BEGIN Raw data

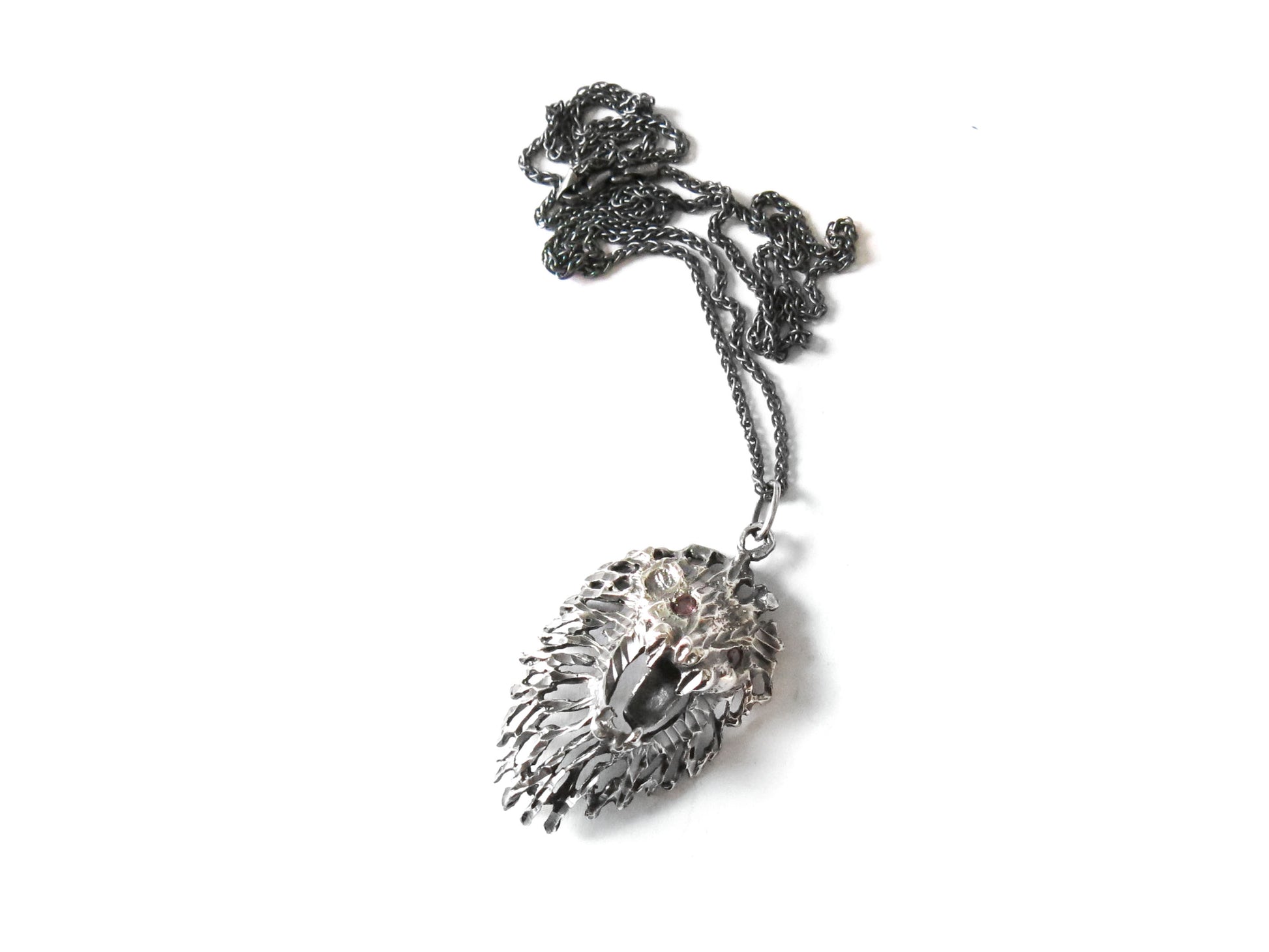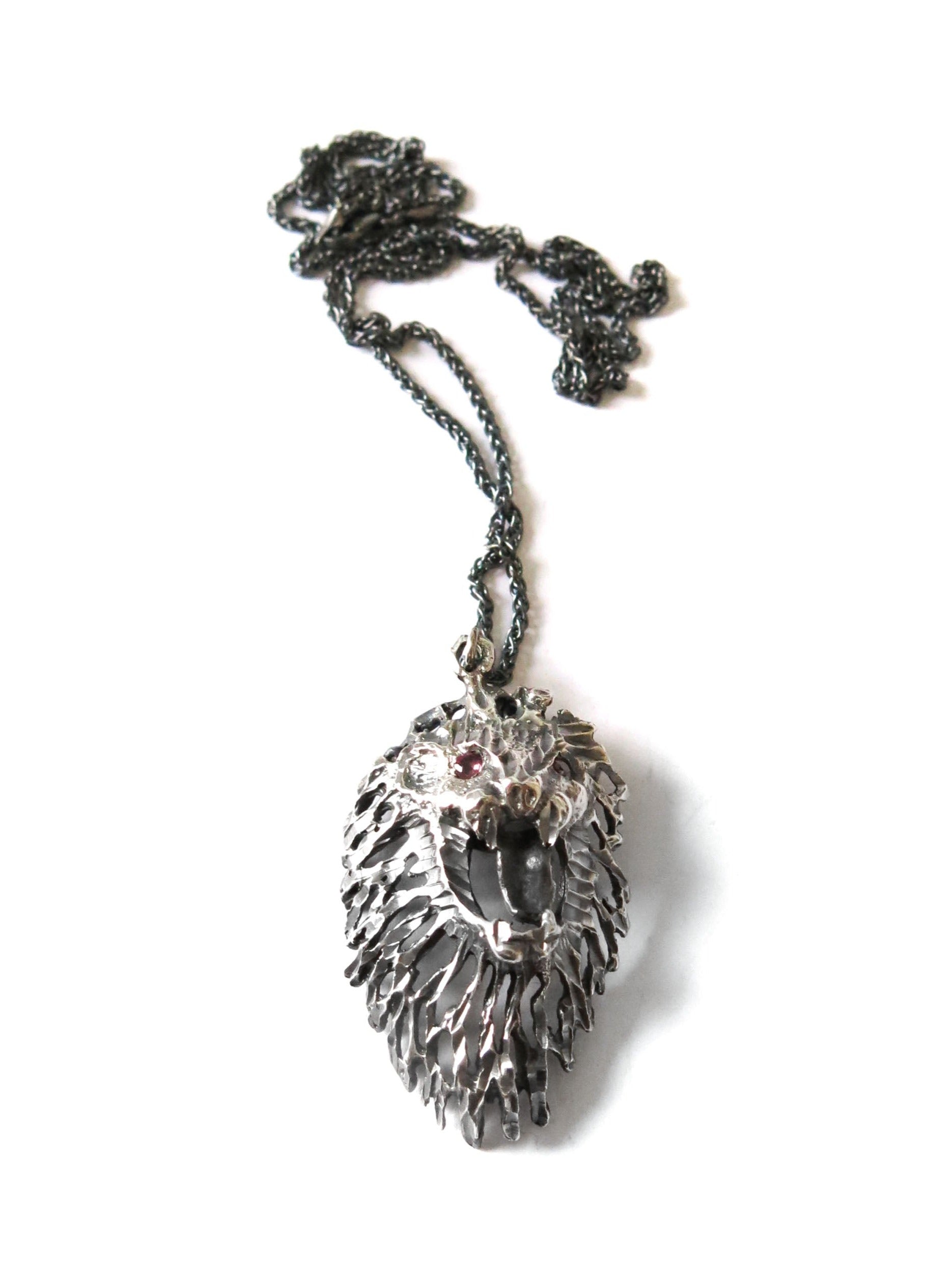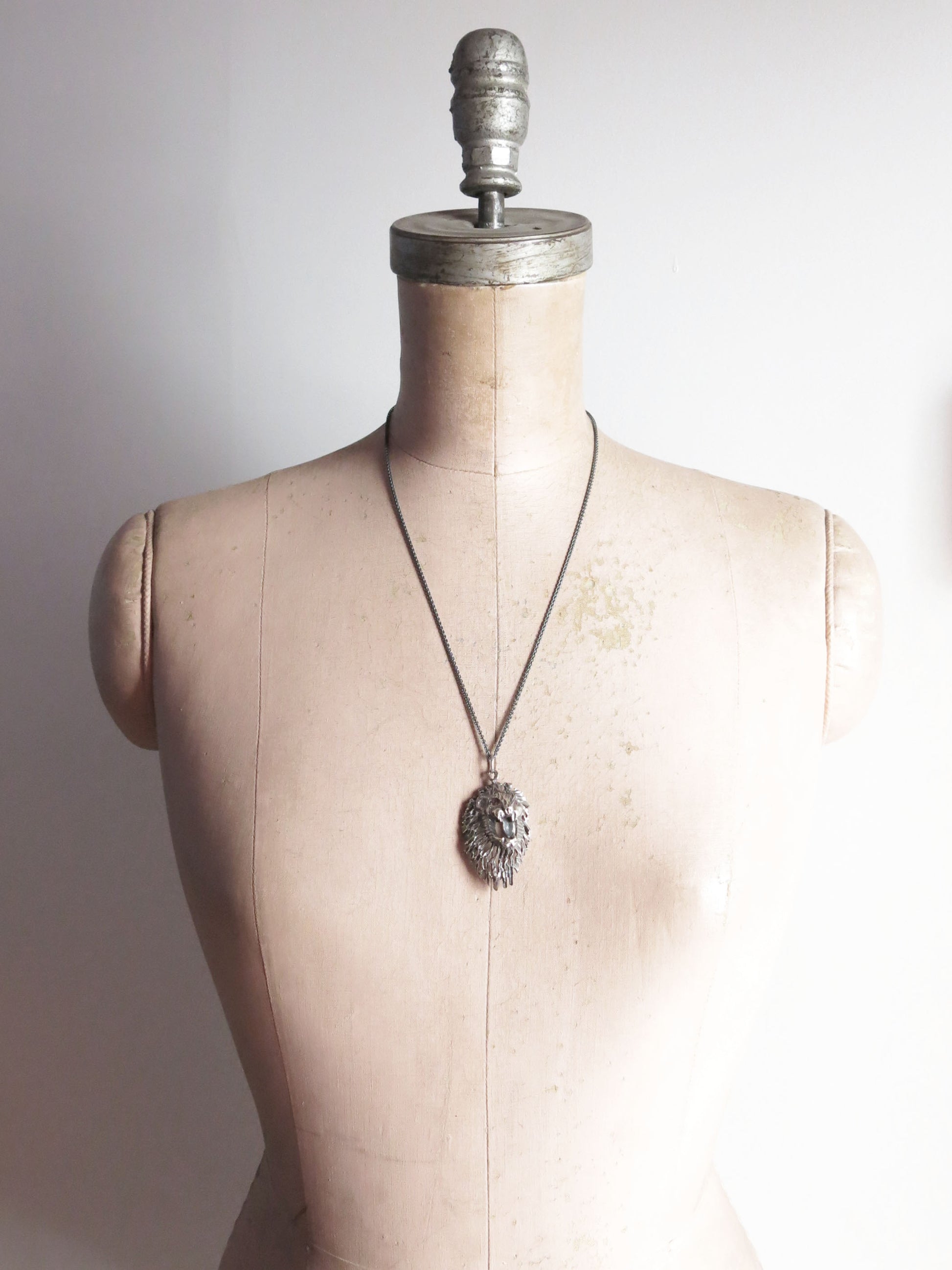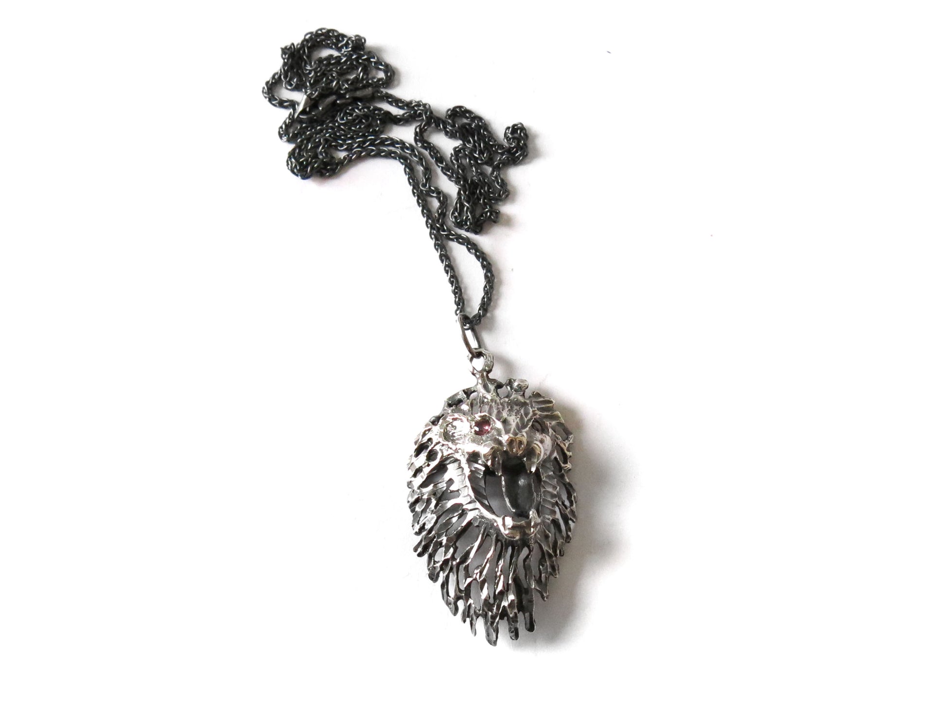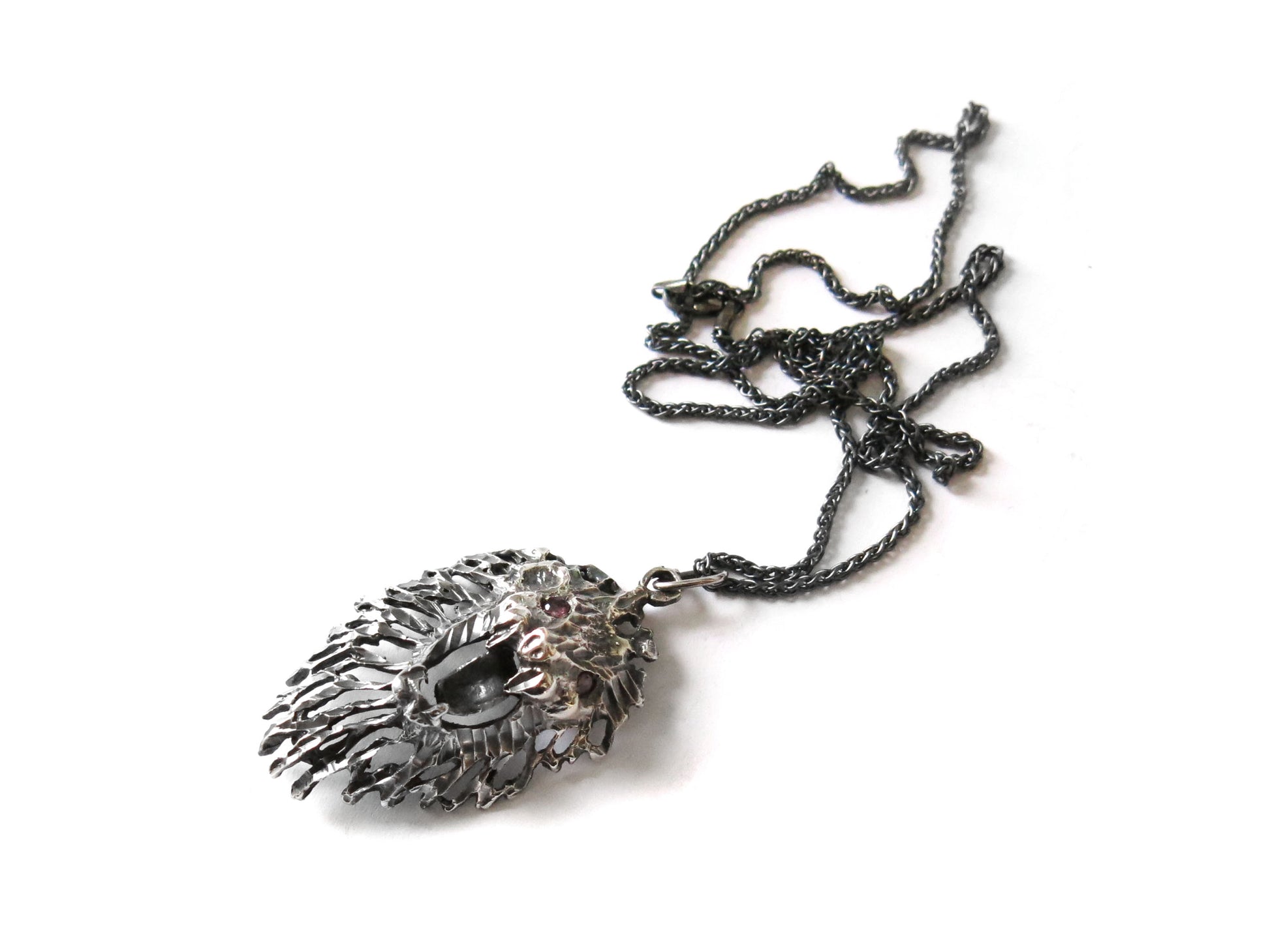 big sterling silver vintage lion head pendant with pinkish purple faceted gemstone eyes. comes on a new 24" sterling silver chain. please add a note in your order if you would like a shorter chain instead, available lengths are 16", 18" and 20".
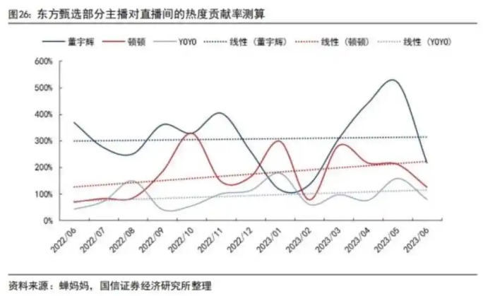 国信证券分析称,顿顿的热度贡献率由2022年6月直播间爆火之初的40%—70%提升至2023年6月的100%—200%的水平,热度贡献率仅次于董宇辉的300%。但“美丽生活一哥”顿顿并没有大范围出圈,成为东方甄选的下一个现象级主播。
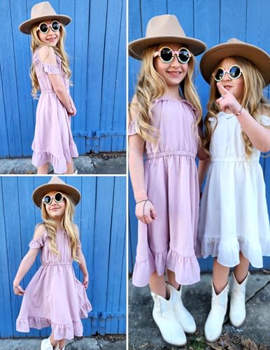 • Unique design: Girls sleeveless sundress make your girl look sweet.Ruffled neck, tonal lining, and elastic waistline adds charm.The keyhole back design makes girls swing dress easy wearing.

END Raw data

» **Your goal**
Copy out all of the material exactly as written, without its pictures.

» **Exercise solution**
 big sterling silver vintage lion head pendant with pinkish purple faceted gemstone eyes. comes on a new 24" sterling silver chain. please add a note in your order if you would like a shorter chain instead, available lengths are 16", 18" and 20".
 国信证券分析称,顿顿的热度贡献率由2022年6月直播间爆火之初的40%—70%提升至2023年6月的100%—200%的水平,热度贡献率仅次于董宇辉的300%。但“美丽生活一哥”顿顿并没有大范围出圈,成为东方甄选的下一个现象级主播。
 • Unique design: Girls sleeveless sundress make your girl look sweet.Ruffled neck, tonal lining, and elastic waistline adds charm.The keyhole back design makes girls swing dress easy wearing.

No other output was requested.